MATERIAL PROVIDED:
────────────────────

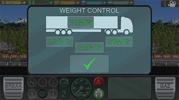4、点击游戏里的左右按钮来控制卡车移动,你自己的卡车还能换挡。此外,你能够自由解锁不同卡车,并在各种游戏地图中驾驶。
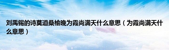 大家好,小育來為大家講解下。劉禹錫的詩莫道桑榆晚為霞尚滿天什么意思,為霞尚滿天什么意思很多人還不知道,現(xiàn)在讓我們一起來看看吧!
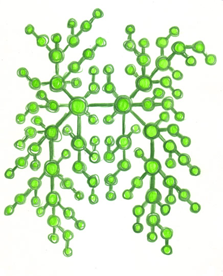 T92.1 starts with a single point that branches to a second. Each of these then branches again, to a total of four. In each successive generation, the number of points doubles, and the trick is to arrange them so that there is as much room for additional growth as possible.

────────────────────

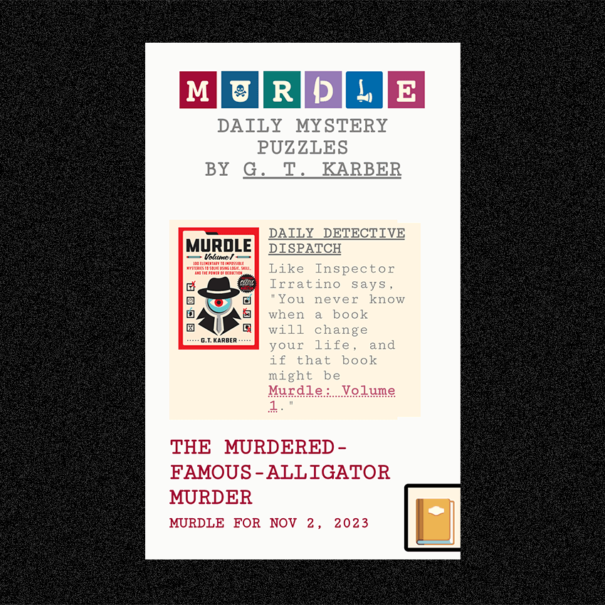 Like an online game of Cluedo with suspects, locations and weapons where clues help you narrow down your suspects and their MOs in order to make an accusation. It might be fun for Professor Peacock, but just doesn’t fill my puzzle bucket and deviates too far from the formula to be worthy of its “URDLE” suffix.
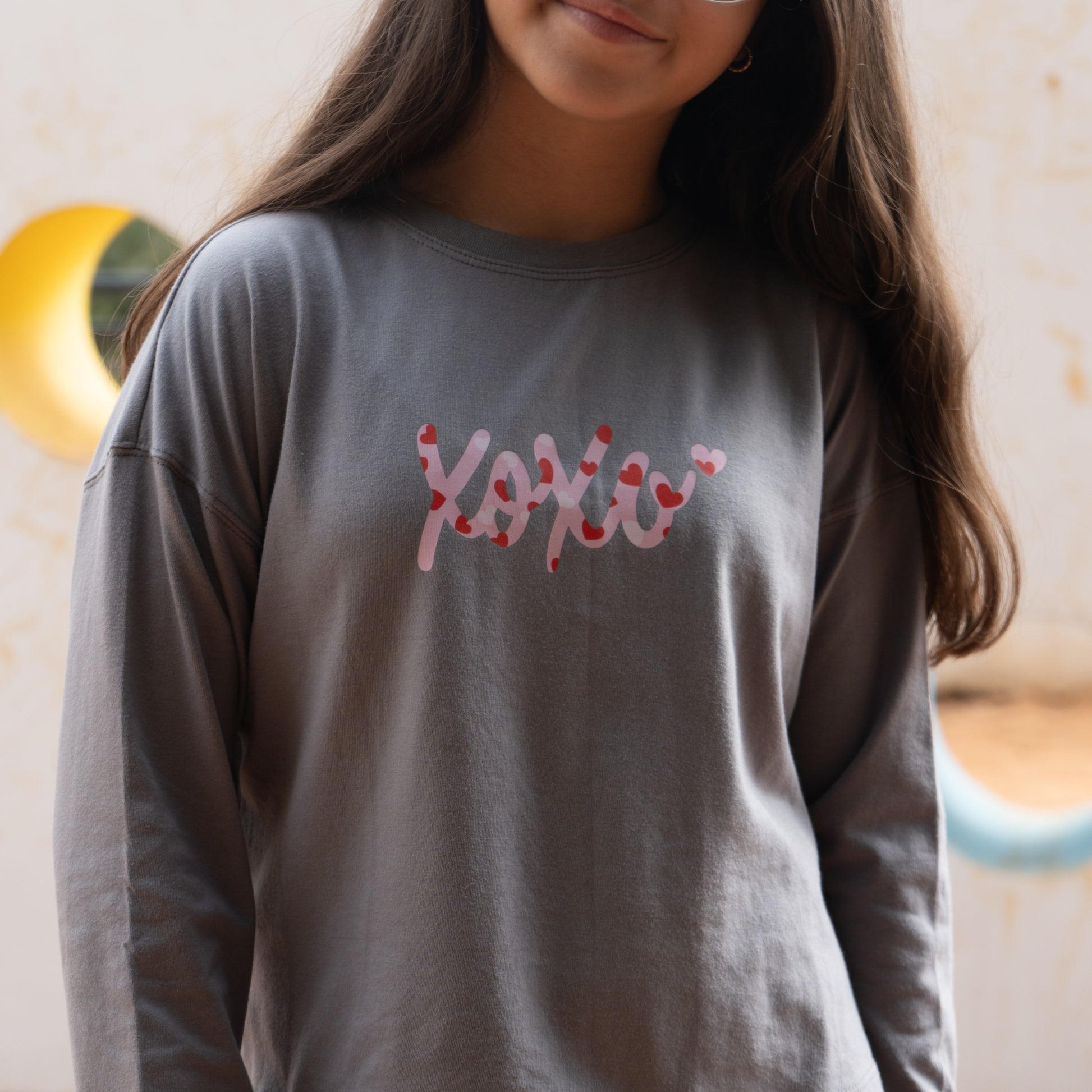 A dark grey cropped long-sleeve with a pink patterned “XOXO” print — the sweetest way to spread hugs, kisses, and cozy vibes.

────────────────────

PROMPT: In the listing above, find the line with "4、点击游戏里的左右按钮来控" and the line with "T92.1 starts with". Output both, plus every line between them, and no pictures.

REPLY:
4、点击游戏里的左右按钮来控制卡车移动,你自己的卡车还能换挡。此外,你能够自由解锁不同卡车,并在各种游戏地图中驾驶。
 大家好,小育來為大家講解下。劉禹錫的詩莫道桑榆晚為霞尚滿天什么意思,為霞尚滿天什么意思很多人還不知道,現(xiàn)在讓我們一起來看看吧!
 T92.1 starts with a single point that branches to a second. Each of these then branches again, to a total of four. In each successive generation, the number of points doubles, and the trick is to arrange them so that there is as much room for additional growth as possible.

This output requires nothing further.